- Directed by: T. K. Rajeev Kumar
- Screenplay by: T. K. Rajeev Kumar Jayaprakash Kuloor Dialogues: Jayaprakash Kuloor
- Story by: T. K. Rajeev Kumar
- Produced by: B. Rakesh
- Starring: Jayaram Mukesh Manya Jagathy Sreekumar Bobby Kottarakkara
- Cinematography: Ravi Varman
- Edited by: Sreekar Prasad
- Music by: Songs: Mohan Sithara Score: Sharreth
- Distributed by: Khathilakam Release
- Release date: 9 February 2001;
- Running time: 144 min
- Country: India
- Language: Malayalam

= Vakkalathu Narayanankutty =

Vakkalathu Narayanankutty is a 2001 Indian Malayalam-language legal comedy-drama film co-written and directed by T. K. Rajeev Kumar, starring Jayaram, Mukesh, Kalabhavan Mani, Manya and Jagathy Sreekumar.
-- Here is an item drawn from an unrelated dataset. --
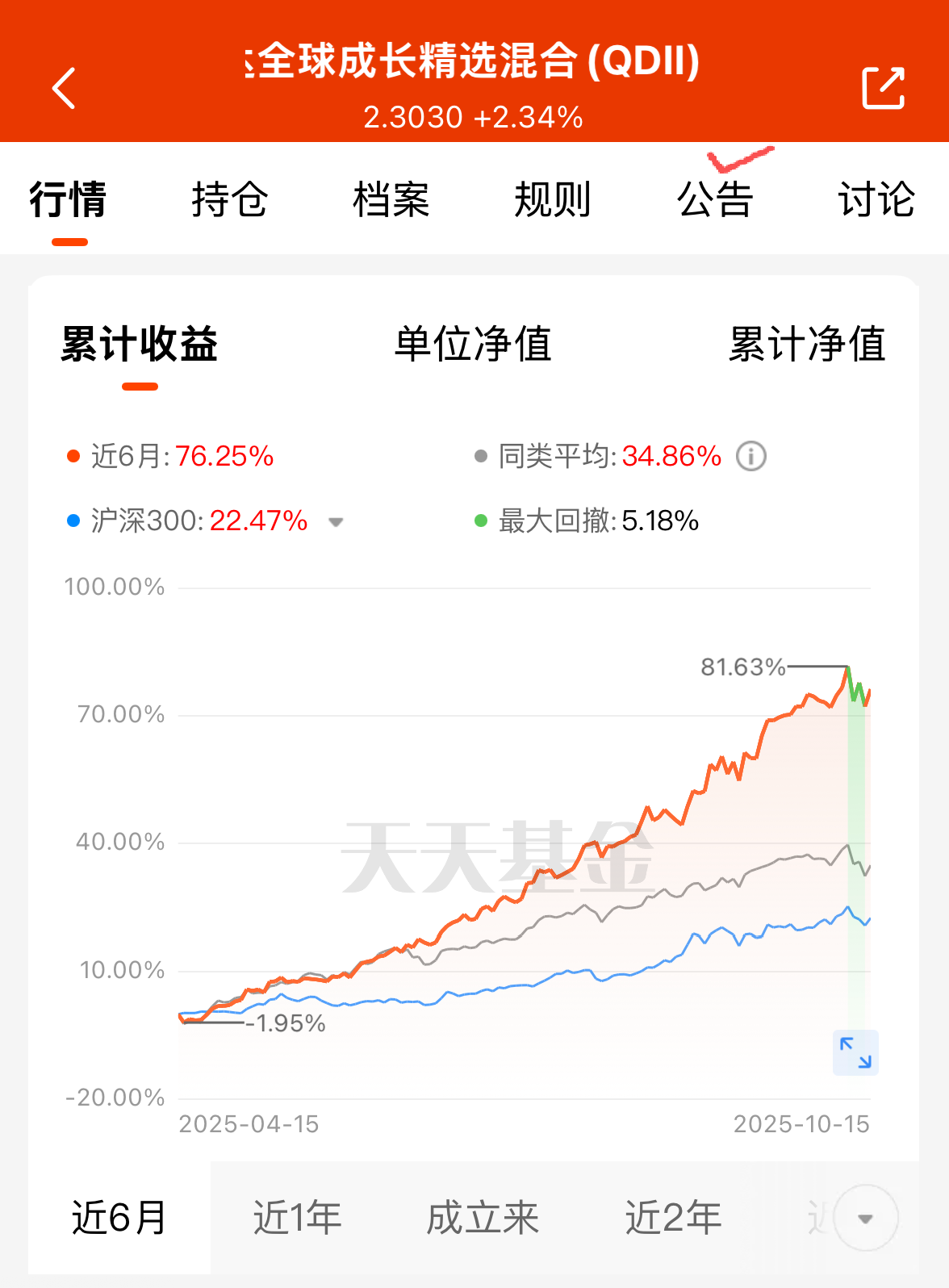 没法看!今天大科技又是一片狼嚎,在车上的大家得吐一口大血了,我个人看法,只要不是阴跌就有救,大跌之后大涨么,老剧情了,强力洗,力度总是大的。$易方达全球成长精选混合(QDII)人民币C(OTCFUND|012922)$这个全球科技基,从走势上就能看出来比较抗震的了,10月以来的回撤控制跌不错,近六月76.26%,跑赢同类平均的34.86%,经理的实力非常在线了。

It was actor Bobby Kottarakkara's last film. The film had an average performance at the box office.

==Plot==
Narayanankutty, who is aspiring to be a lawyer, finds himself working as a government office clerk. Undeterred by this unexpected turn, Narayanankutty becomes renowned as 'Vakkaalaththu Narayanankutty' for his unique approach to justice – filing Public-Interest Litigations against those who break the law.
His commitment to justice becomes a double-edged sword, attracting the ire of certain individuals. The story takes a dark twist when he is framed in a rape case, facing serious consequences. Undeterred, Narayanankutty refuses to lose faith in the legal system and continues his fight against the wrongdoers.

== Reception ==
A critic from Sify wrote, "Vakalath Narayanan Kutty is as stale as yesterday's sambar".